• [Work instruction]
In the records below, the line that contains "最も注目されるのは公明票の行" marks the start. Copy it and each line after it through the end, exactly, without pictures.

**** Material for this task ****

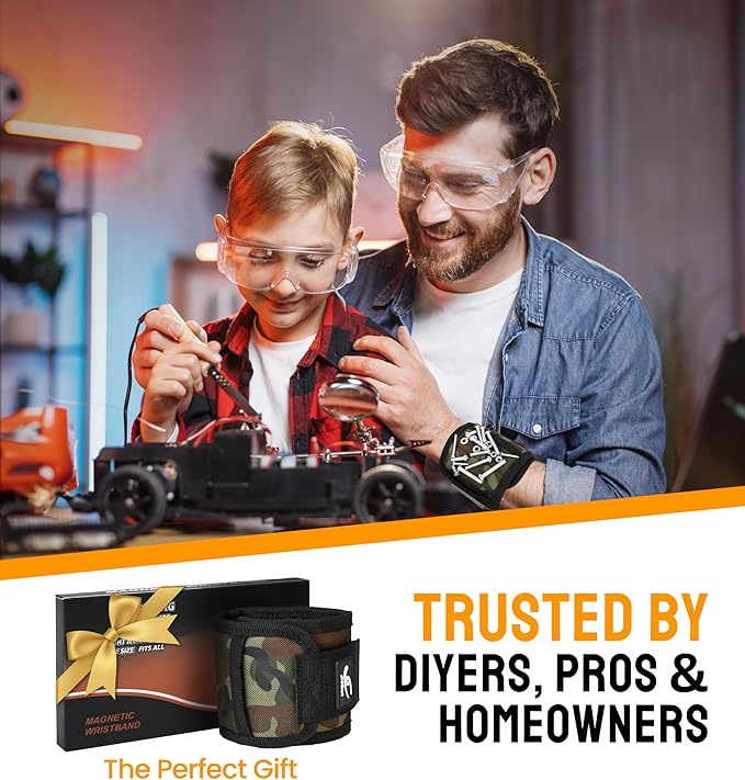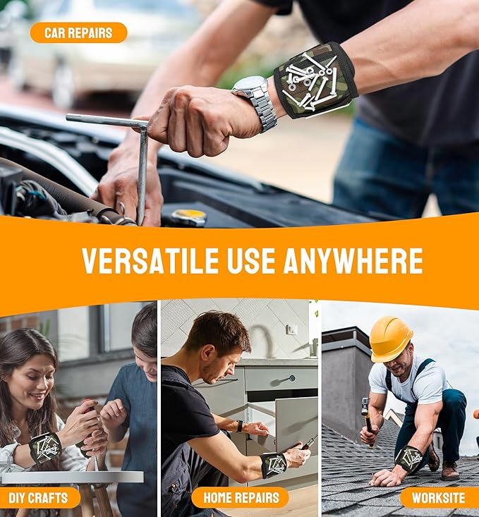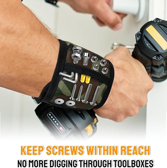 HiRui Magnetic Wristband for Tools – Ultra-Strong 15 Neodymium Magnets Hold Screws, Nails & Bits, Dual Pockets – Hands‑Free for DIY, Home Repairs, Auto – Gift‑Ready for Dad, Husband, Grandpa (CAMO) -
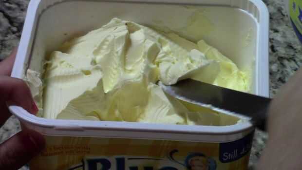 Preparar el pan primero encender la estufa, y luego agregando algo que evitará que su tostada se pegue a la sartén. Utilizamos azul de Bonnet de mantequilla / margarina y funcionó muy bien! Calentar la mantequilla colocando en la sartén sobre la estufa y mover alrededor de la bandeja por la inclinación en varias direcciones.
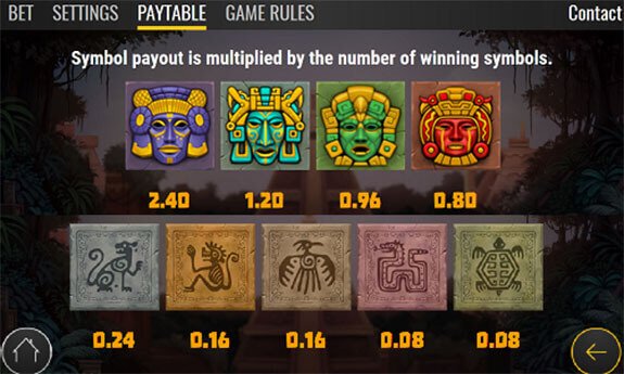 Contact Slot har en RTP som ligger på 96 procent och en väldigt hög volatilitet, det är alltså höga vinster som kan kammas hem här. Du kan vinna så mycket som 151 750 euro på ett snurr, vilket inte är illa alls. När det kommer till spelautomatens symboler så finns det inga specialsymboler utan endast standardsymboler. Det finns fem symboler som ger lägre vinst och de kommer i form av grottmålningar föreställandes olika djur. Det finns vidare fyra stycken symboler som betalar lite högre och de föreställer masker i olika färger. Den som ger absolut mest i vinst är masken i lila och guld.
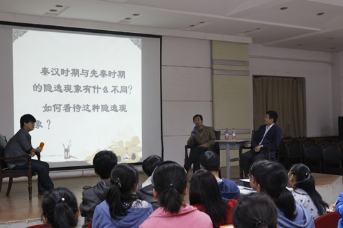 在会场上,两位老师就先秦及秦汉史学习中遇到的问题与大家进行了深入的探讨,同学们也抓住这次机会与老师们积极互动,提出了许多自己在读相关历史资料时发现的问题及学习中遇到的问题,两位老师均给予了悉心解答。
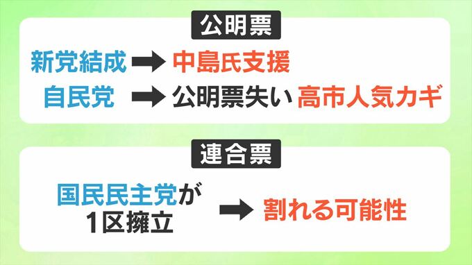 最も注目されるのは公明票の行方で、新党の結成により中道改革連合から立候補予定の中島さんに流れるとみられます。
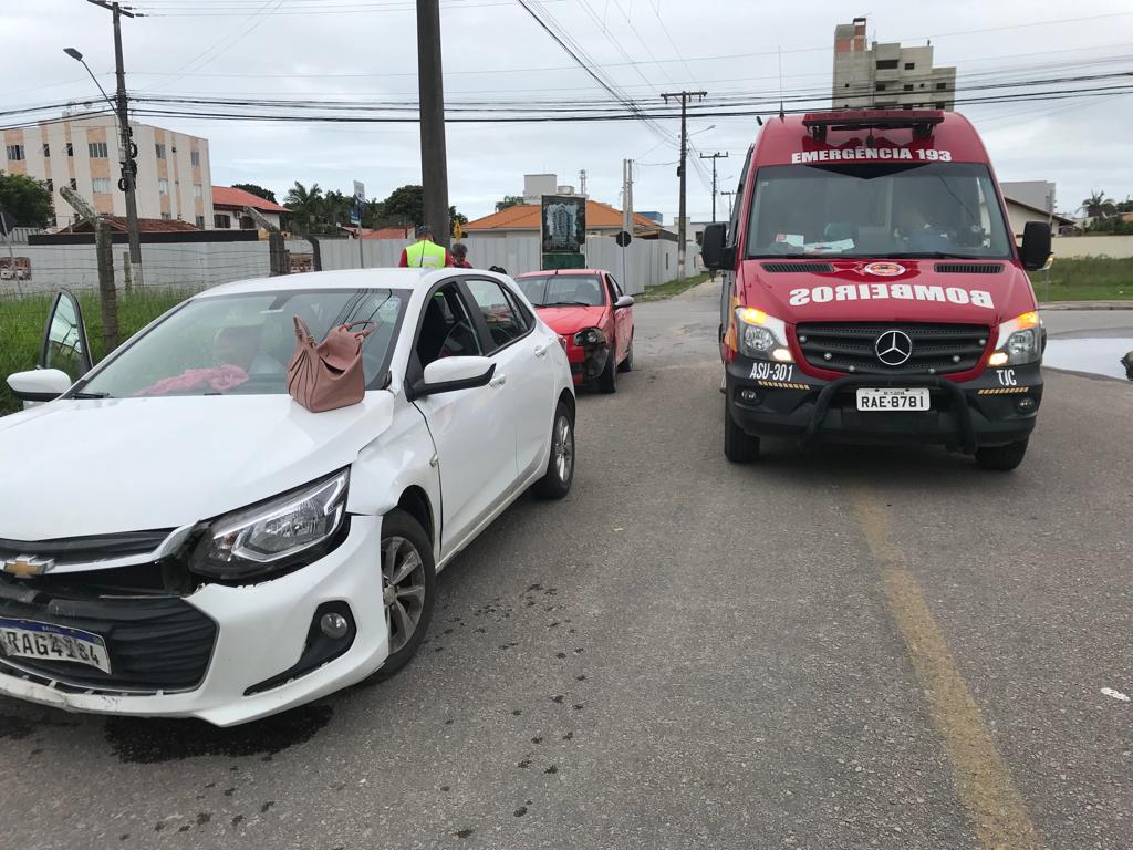 Uma mulher teve ser socorrida por uma equipe do Corpo de Bombeiros após uma colisão entre dois automóveis. O acidente ocorreu por volta das 14h40min do último sábado (02), no cruzamento da rua Antônio Bayer com a rua Minervino Miguel Ferreira, no centro de Tijucas.
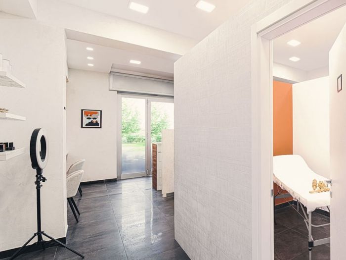 By obtaining two cabins from a pre-existing room and two treatment cabins in a central volume (which does not touch the ceiling) around which the internal distribution takes place and which covers the pedicure area from the entrance.

****

• [Answer to this task]
 最も注目されるのは公明票の行方で、新党の結成により中道改革連合から立候補予定の中島さんに流れるとみられます。
 Uma mulher teve ser socorrida por uma equipe do Corpo de Bombeiros após uma colisão entre dois automóveis. O acidente ocorreu por volta das 14h40min do último sábado (02), no cruzamento da rua Antônio Bayer com a rua Minervino Miguel Ferreira, no centro de Tijucas.
 By obtaining two cabins from a pre-existing room and two treatment cabins in a central volume (which does not touch the ceiling) around which the internal distribution takes place and which covers the pedicure area from the entrance.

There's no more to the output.